Open questions raised
- Q73 candidate. Are TREM2 expression or SYK phosphorylation levels altered in FM patient PBMCs or post-mortem brain tissue? Tractable: serum sTREM2 by ELISA in stored Seefried 2025 or Krock 2023 cohort; PBMC monocyte SYK-phosphorylation by flow cytometry if fresh-blood collection.
- Q74 candidate. Does fostamatinib (or another SYK inhibitor) attenuate central-sensitization or microglial activation in FM animal models? Tractable in the Dahl SS rat FAM-index platform (Ferrari 2026) — already validated for predictive validity against FM analog model.

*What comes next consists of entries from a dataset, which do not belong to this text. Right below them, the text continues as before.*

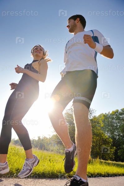Молодая пара на утренней пробежке в парке
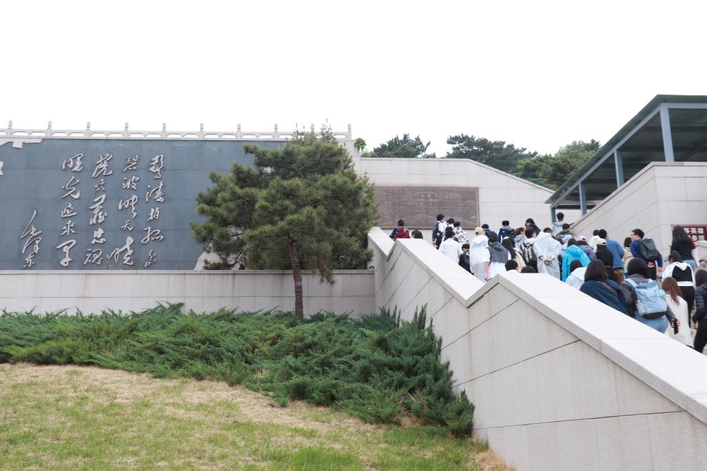 师生们在西山无名英雄广场上列队肃立,在讲解员的带领下,认真学习了以吴石、朱枫等革命先烈为代表的建国前后中共对外隐蔽战线的英雄事迹。西山无名英雄广场是为纪念上世纪五十年代为国家统一、人民解放事业牺牲于台湾的大批隐蔽战线、忠贞不渝、宁死不屈无名英雄而建。英雄们的名字刻在花岗岩墙壁上,以阴文素镌,若隐若现,既暗合了隐蔽战线的斗争特质,也彰显其淡泊名利的高尚品格。广场迎面是以黑白两色曲线隐喻海峡两岸的巨幅景观墙,气势雄伟,中有毛泽东主席题诗:“惊涛拍孤岛,碧波映天晓。虎穴藏忠魂,曙光迎来早”。背面镌刻主碑铭,全铭文217字,微言大义,字字千钧。
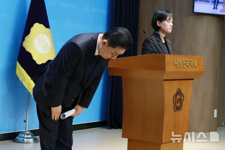 [서울=뉴시스] 고승민 기자 = 김병기 더불어민주당 전 원내대표가 19일 서울 여의도 국회 소통관에서 기자회견을 하던 중 고개숙여 인사하고 있다. 2026.01.19. [email protected]
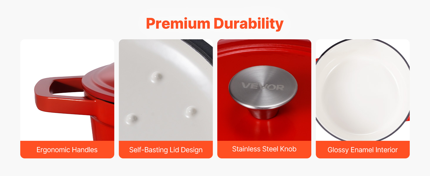 Každý detail tohto hrnca na pečenie je navrhnutý podľa vysokých štandardov, od pokrievky a rukovätí až po vnútorný povrch a príslušenstvo. Zaručuje dlhodobú odolnosť a spoľahlivosť a zároveň poskytuje pohodlnejšie a premyslenejšie používanie.
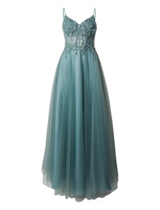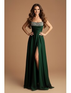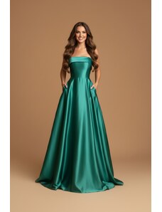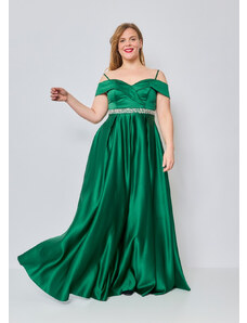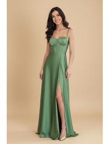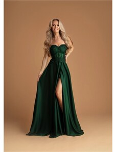 Eva & Lola Saténové šaty s krajkovým korzetem MADELEINE tmavě zelená
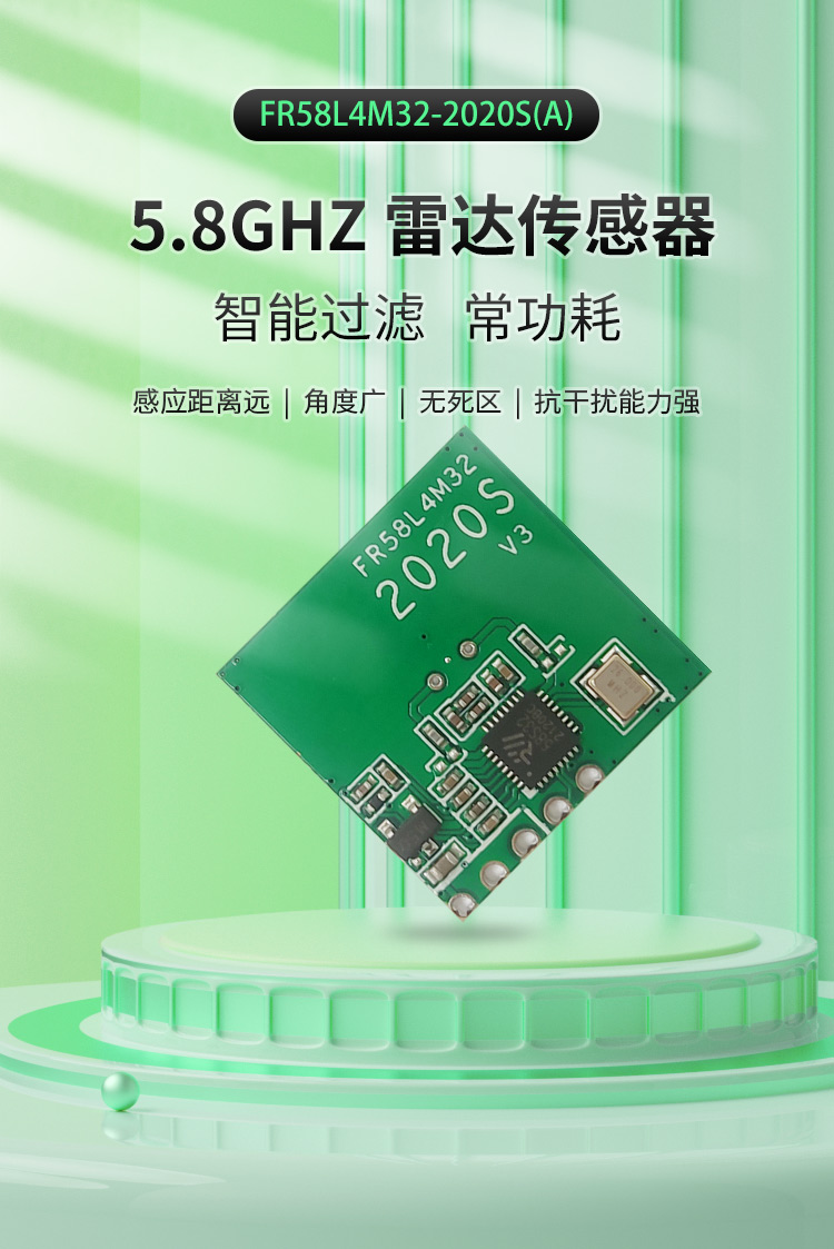 FR58L4M32-2020S(A)是飛睿智能推出的高性能 5.8G 雷達(dá)傳感器,雷達(dá)模塊利用多普勒原理,通過天線發(fā)射高頻電磁波并接收初期反射波,以此判斷覆蓋范圍內(nèi)物體的移動(dòng),給出相應(yīng)電信號(hào)。模塊尺寸 20*20MM該芯片集成了 5.8G 微波電路、中頻放大電路以及信號(hào)處理器,集成度高且生產(chǎn)一致性好,模塊內(nèi)置 32 位 MCU和收發(fā)天線,大大提高了傳感器的感應(yīng)性能。
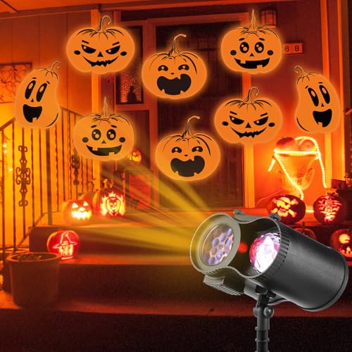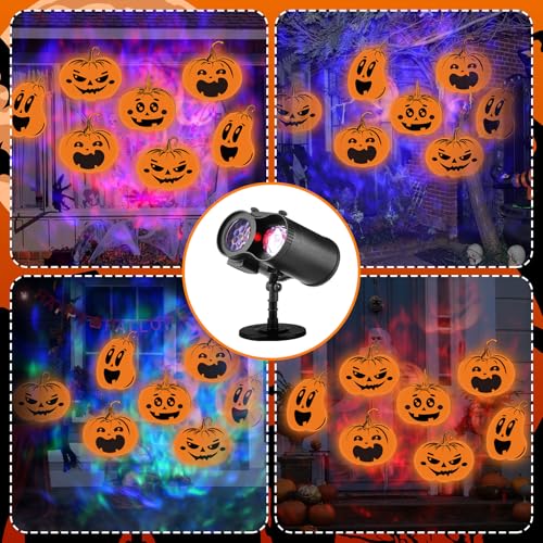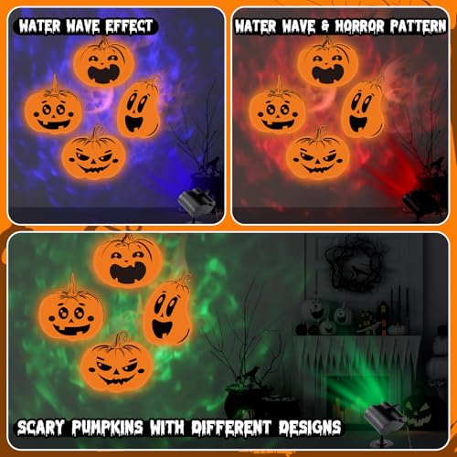 2-in-1 Horror Halloween Projector Lights: you will receive a pumpkin projector lights with power cord, a round base, a pointed stake and a remote control; The Halloween LED projector has 2 projection heads, one for RGB water wave ripple effect creates a hauntingly beautiful backdrop, and another for patterns image projection, the 4 different pumpkin images add a classic touch to your Halloween decor
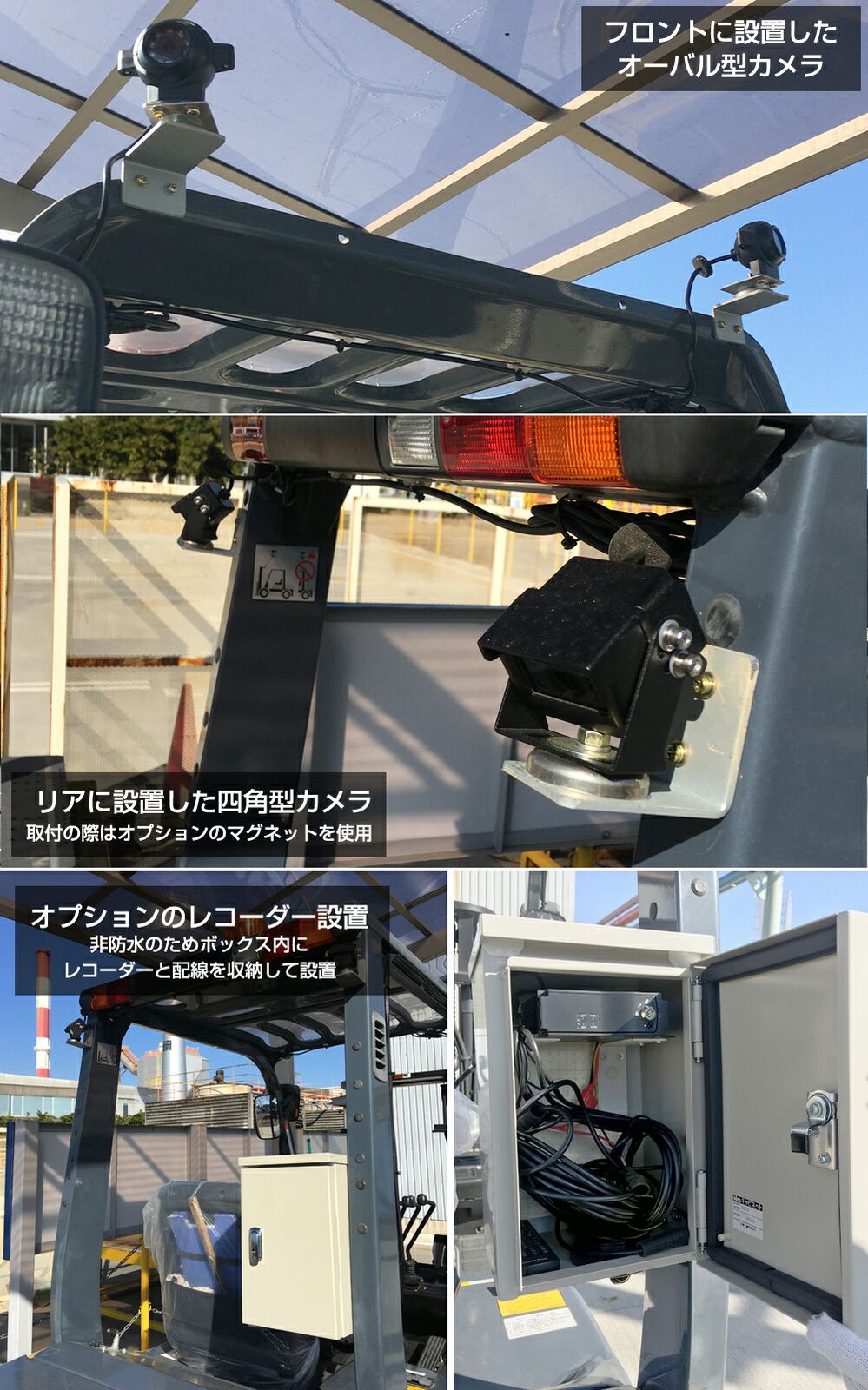 4つのカメラで接触を回避 DC 12 V~24 V 建設重機用 フォークリフト用 防水 カメラシステム センサー 接触回避 業務用 現場監督 デルタダイレクト D-2012
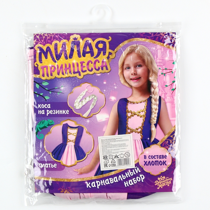 Карнавальный набор «Милая принцесса» — элегантный выбор для маленьких любительниц сказок. Комплект включает в себя красивое фиолетовое платье и косу на резинке, позволяя девочке почувствовать себя настоящей принцессой.
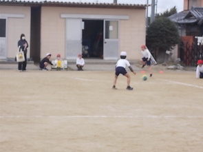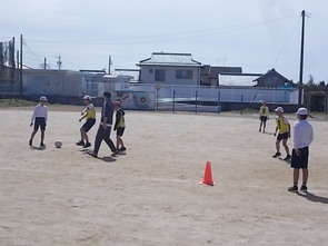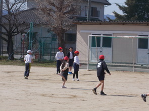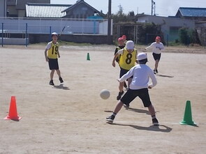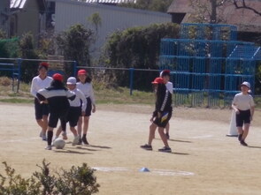 ルールにも慣れて、ゲームを楽しむ様子が見られました。仲間のチームメートのいいプレーに飛び跳ねる3年生の姿がかわいらしかったです。
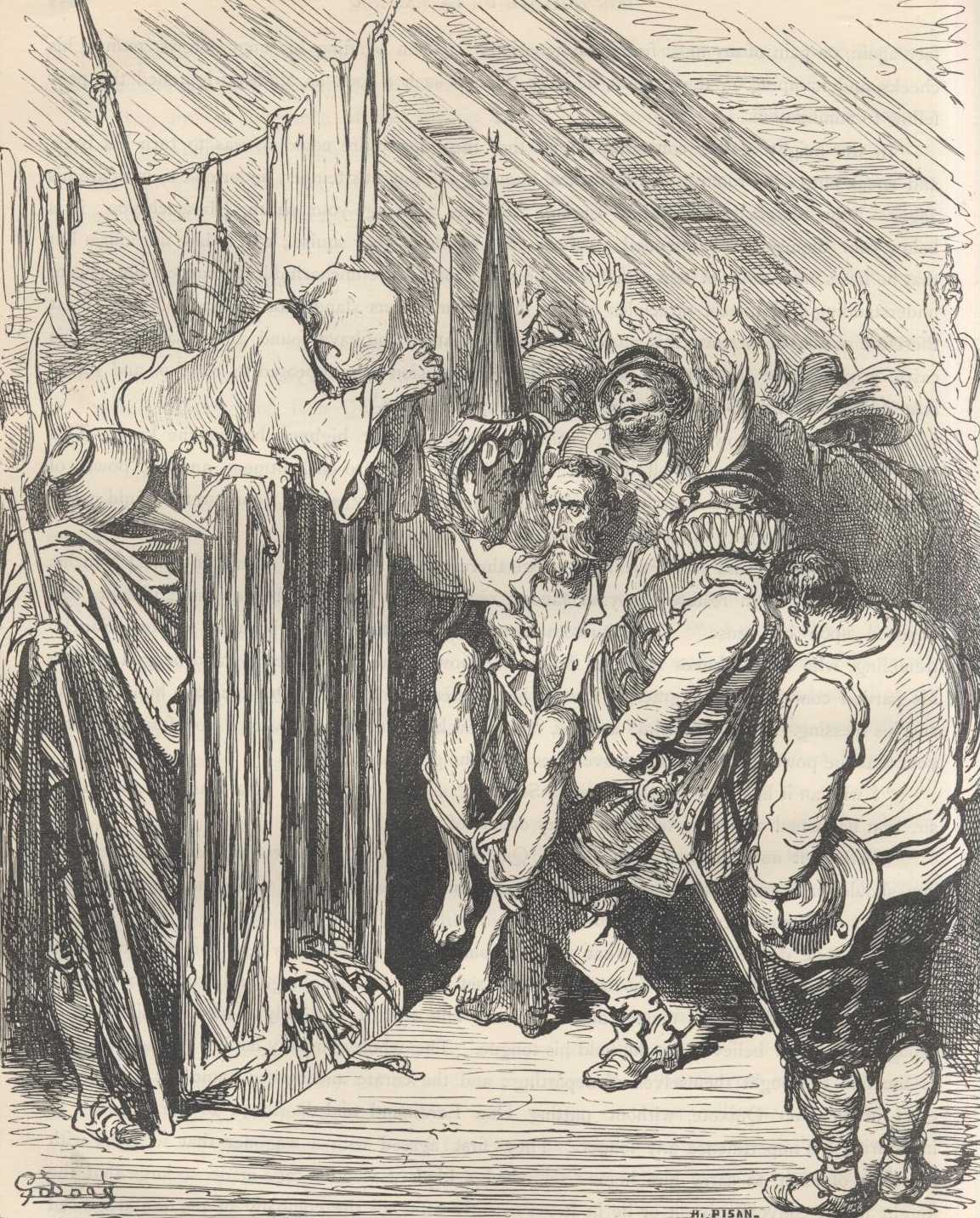While this was going on, Sancho, perceiving that he could speak to his master without having the curate and the barber, of whom he had his suspicions, present all the time, approached the cage in which Don Quixote was placed, and said, “Señor, to ease my conscience I want to tell you the state of the case as to your enchantment, and that is that these two here, with their faces covered, are the curate of our village and the barber; and I suspect they have hit upon this plan of carrying you off in this fashion, out of pure envy because your worship surpasses them in doing famous deeds; and if this be the truth it follows that you are not enchanted, but hoodwinked and made a fool of. And to prove this I want to ask you one thing; and if you answer me as I believe you will answer, you will be able to lay your finger on the trick, and you will see that you are not enchanted but gone wrong in your wits.”
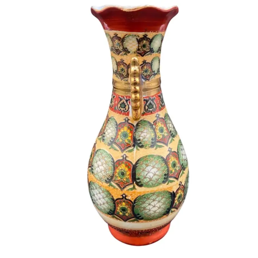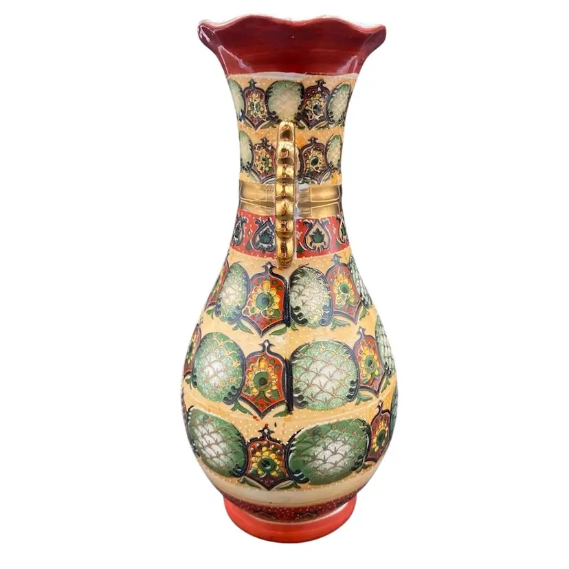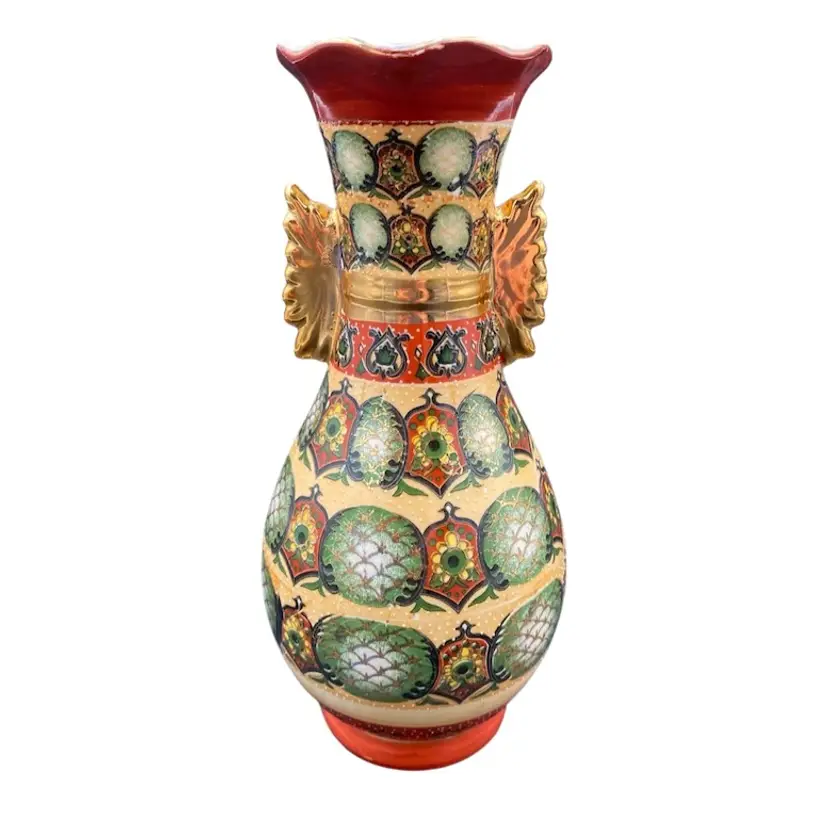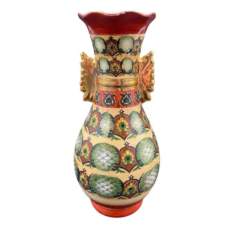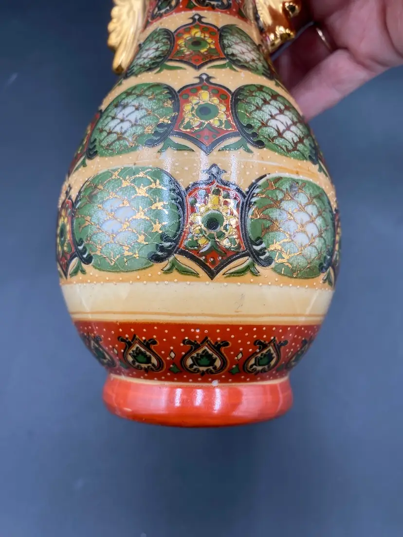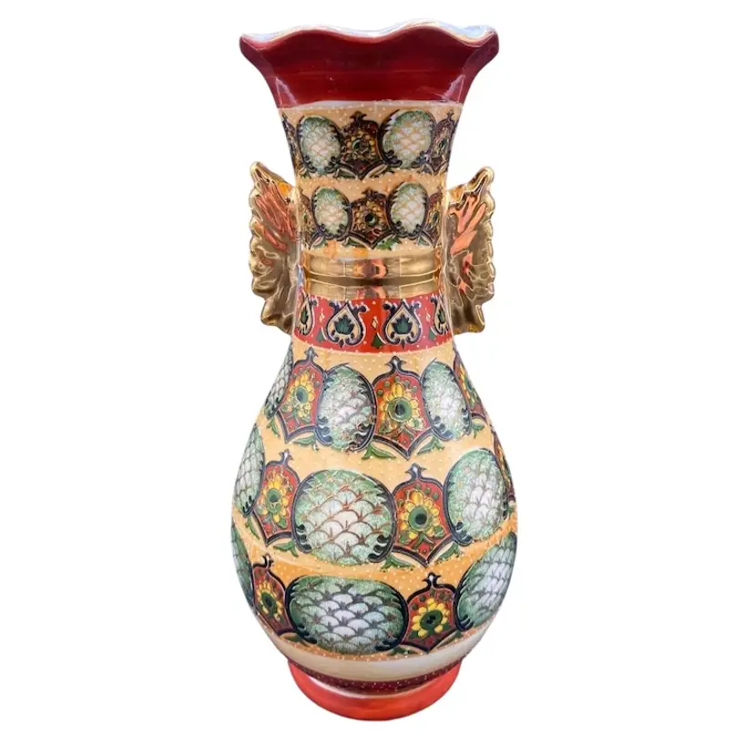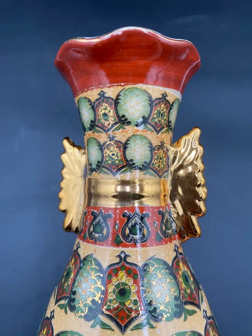This beautiful porcelain vase is a eye-catching addition to any collection. Its unique design features gold painted, wing-shaped, handles and a beautiful red and green abstract pattern against a soft orange background, with gold cloisonne layered over all of it (including the rim of the vase). Measuring 8 inches in height and 3.6 inches in width, this medium-sized, 8.7 ounces vase is perfect for all occasions.

- Does the FMT-reverses-pathology finding in AD mice generalize to FM? Martín Pérez 2024 systematic review showed FMT reduces FM symptoms but didn't measure TREM2/SYK/NF-κB markers. Combined-design BASIS-FM Stage 2 candidate: FMT + serial cf-mtDNA + sTREM2 + LPS/sCD14 measurement.
- Is the TREM2-downregulation phenotype reversible by direct TREM2 agonists (clinical-stage in AD: AL002, AL003) — and would TREM2 agonism be additive vs SYK antagonism in microglial M1 modulation?
- Does the chronic-stress P2X7-cGAS-STING entry to H1's amplifier (He 2026) intersect with the SYK pathway, or do they converge independently on NF-κB?